First published at tansyrr.com.

Penni Russon is the author of the Undine trilogy – Undine, Breathe and Drift. More recently, she has written several mainstream YA novels for the Allen & Unwin Girlfriend series, including The Indigo Girls, Little Bird and (with Kate Constable)Dear Swoosie.

1. Dear Swoosie, which you co-wrote with Kate Constable, has just been released. How did the two of you manage the co-writing experience? Would you do it again?

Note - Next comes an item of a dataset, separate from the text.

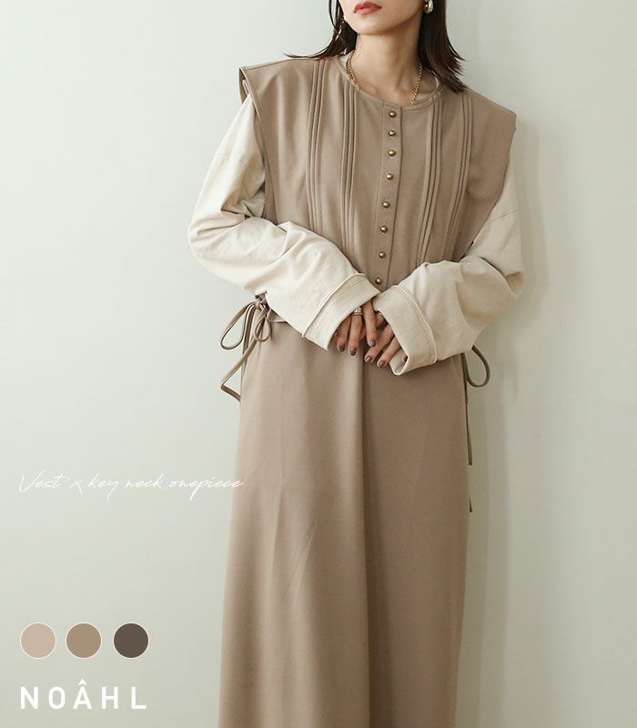 検索ワード:ワンピース ベスト セット マキシワンピース ロングワンピース キーネック Vネック 綺麗め ベスト レイヤード ロング マキシ レディース ベージュ モカ デザイン レディライク シルエット 無地 カジュアル シンプル 大人 ゆったり ママ レディースファッション 高見え 2022春 ママコーデ ニュアンスカラー 送料無料 メール便 noahl ノアル
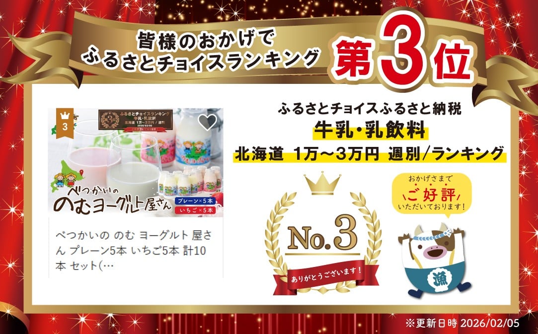 ランキング第3位獲得!べつかいの のむ ヨーグルト 屋さん プレーン5本 いちご5本 計10本 セット( ふるさとチョイス ふるさと納税 仕組み キャンペーン 限度額 計算 ランキング やり方 シミュレーション チョイス チョイスマイル )

We planned the novel before we started writing. We came up with India’s character first (because like India, Kate used to tell fortunes that sometimes came true), but I honestly have no idea how the rest of the story emerged, it was a truly magical process. We had a google doc that we both added to one chapter at a time, and at the same time we wrote the letters between Mandy and Sarah – strangely the climax of the letters happened at the same time as the climax of the novel. Not everything was planned so we each had to wait for the chapter or letter to appear before we could write the next instalment. It was quite an incredible experience, like reading a novel at the same time as writing it. Would we do it again? Yes, yes, a thousand times yes.

2. I’ve heard it said that it’s easy to move between genres within the confines of YA. You’ve had both fantasy and mainstream YA novels published – has this ever been a problem for you? Do your readers follow you across the borders?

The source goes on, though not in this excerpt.